=== Begin Enclosure ===
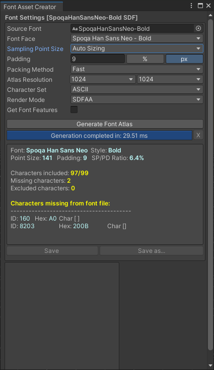 글꼴을 적용해보자. Window > text > Font Asset Creator로 간다. 글꼴을 Source Font에 끌어다 놓고 Generate Font Atlas를 눌러 Font Asset을 만들어준다.
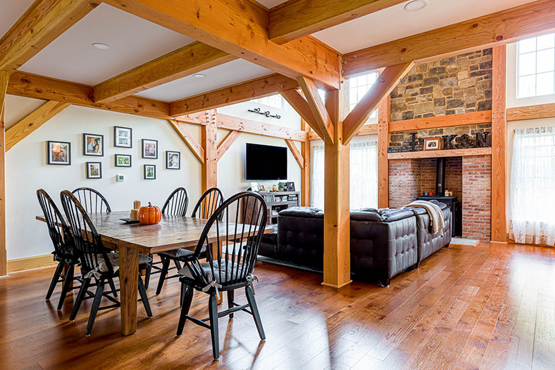 Entering the home through the covered porch, you are immediately drawn to the vaulted timber frame great room. The great room opens into the dining room then flows nicely into the kitchen creating the perfect open layout that makes the space feel spacious and airy. The great room is the only vaulted space on the first floor, which gives it an added wow effect, while the dining room and kitchen ceilings are at a standard ceiling height. Incorporating a vaulted ceiling with standard ceiling heights within a large open space helps to define and separate the spaces without needing to use a wall. In fact, this is a very common design for many of our timber frame homes.
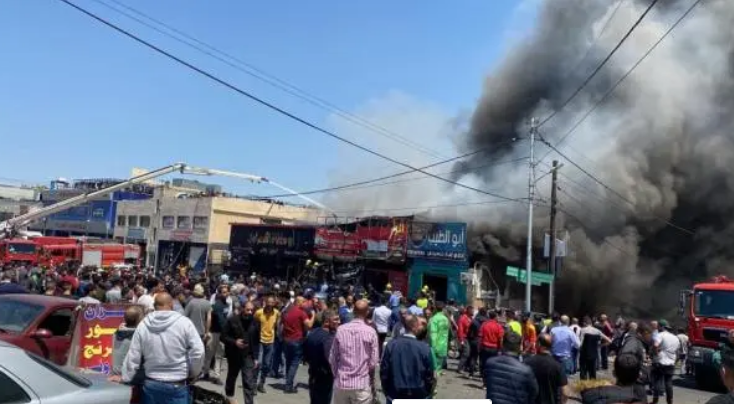 بيان أمني حول حريق ضخم في محلات قطع سيارات في عمان
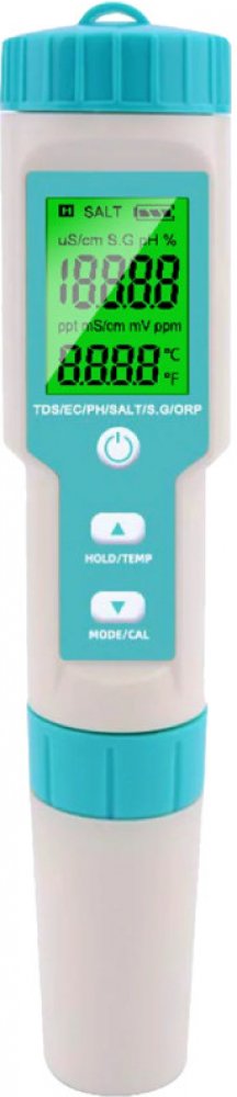 Digitální tester kvality vody C-600 – 7 v 1 pro bazény, studny i akváriaPraktický a přesný tester vody C-600 vám pomůže udržet ideální podmínky v bazénu, vířivce, akváriu i při kontrole pitné vody ze studny. Měří sedm klíčových parametrů včetně pH, TDS, vodivosti, salinity, ORP, měrné hmotnosti a teploty. Díky velkému displeji, jednoduchému ovládání a bez nutnosti použití testovacích proužků je id...
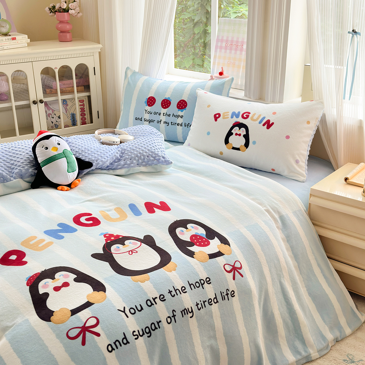 A类牛奶绒四件套大版卡通加绒加厚被套学生宿舍三件套保暖抗静电
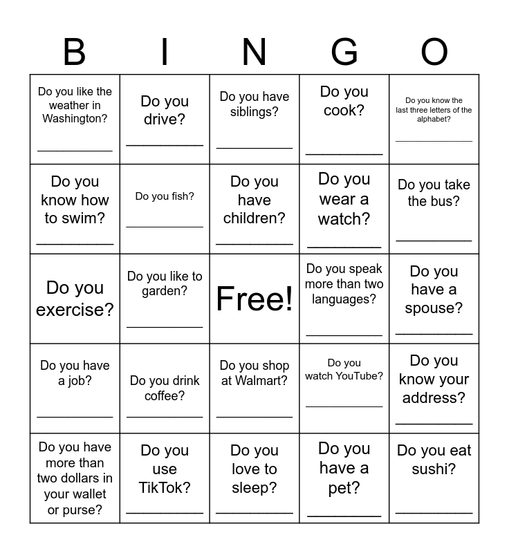 This bingo card has a free space and 24 words: Do you drink coffee? ___________, Do you use TikTok? _________, Do you have children? _________, Do you have more than two dollars in your wallet or purse?, Do you know the last three letters of the alphabet? __________________, Do you like the weather in Washington? ____________, Do you know how to swim? _________, Do you drive? _________, Do you speak more than two languages? ___________, Do you shop at Walmart? ___________, Do you wear a watch? ________, Do you exercise?, Do you watch YouTube? _____________, Do you know your address? _________, Do you fish? _____________, Do you have a pet? ________, Do you have a spouse? _________, Do you have siblings? ___________, Do you take the bus? __________, Do you like to garden? ___________, Do you eat sushi? _________, Do you have a job? ___________, Do you cook? _________ and Do you love to sleep? _________.
=== End Enclosure ===
A faithful, complete copy of the records above is required, one that contains no pictures.

 글꼴을 적용해보자. Window > text > Font Asset Creator로 간다. 글꼴을 Source Font에 끌어다 놓고 Generate Font Atlas를 눌러 Font Asset을 만들어준다.
 Entering the home through the covered porch, you are immediately drawn to the vaulted timber frame great room. The great room opens into the dining room then flows nicely into the kitchen creating the perfect open layout that makes the space feel spacious and airy. The great room is the only vaulted space on the first floor, which gives it an added wow effect, while the dining room and kitchen ceilings are at a standard ceiling height. Incorporating a vaulted ceiling with standard ceiling heights within a large open space helps to define and separate the spaces without needing to use a wall. In fact, this is a very common design for many of our timber frame homes.
 بيان أمني حول حريق ضخم في محلات قطع سيارات في عمان
 Digitální tester kvality vody C-600 – 7 v 1 pro bazény, studny i akváriaPraktický a přesný tester vody C-600 vám pomůže udržet ideální podmínky v bazénu, vířivce, akváriu i při kontrole pitné vody ze studny. Měří sedm klíčových parametrů včetně pH, TDS, vodivosti, salinity, ORP, měrné hmotnosti a teploty. Díky velkému displeji, jednoduchému ovládání a bez nutnosti použití testovacích proužků je id...
 A类牛奶绒四件套大版卡通加绒加厚被套学生宿舍三件套保暖抗静电
 This bingo card has a free space and 24 words: Do you drink coffee? ___________, Do you use TikTok? _________, Do you have children? _________, Do you have more than two dollars in your wallet or purse?, Do you know the last three letters of the alphabet? __________________, Do you like the weather in Washington? ____________, Do you know how to swim? _________, Do you drive? _________, Do you speak more than two languages? ___________, Do you shop at Walmart? ___________, Do you wear a watch? ________, Do you exercise?, Do you watch YouTube? _____________, Do you know your address? _________, Do you fish? _____________, Do you have a pet? ________, Do you have a spouse? _________, Do you have siblings? ___________, Do you take the bus? __________, Do you like to garden? ___________, Do you eat sushi? _________, Do you have a job? ___________, Do you cook? _________ and Do you love to sleep? _________.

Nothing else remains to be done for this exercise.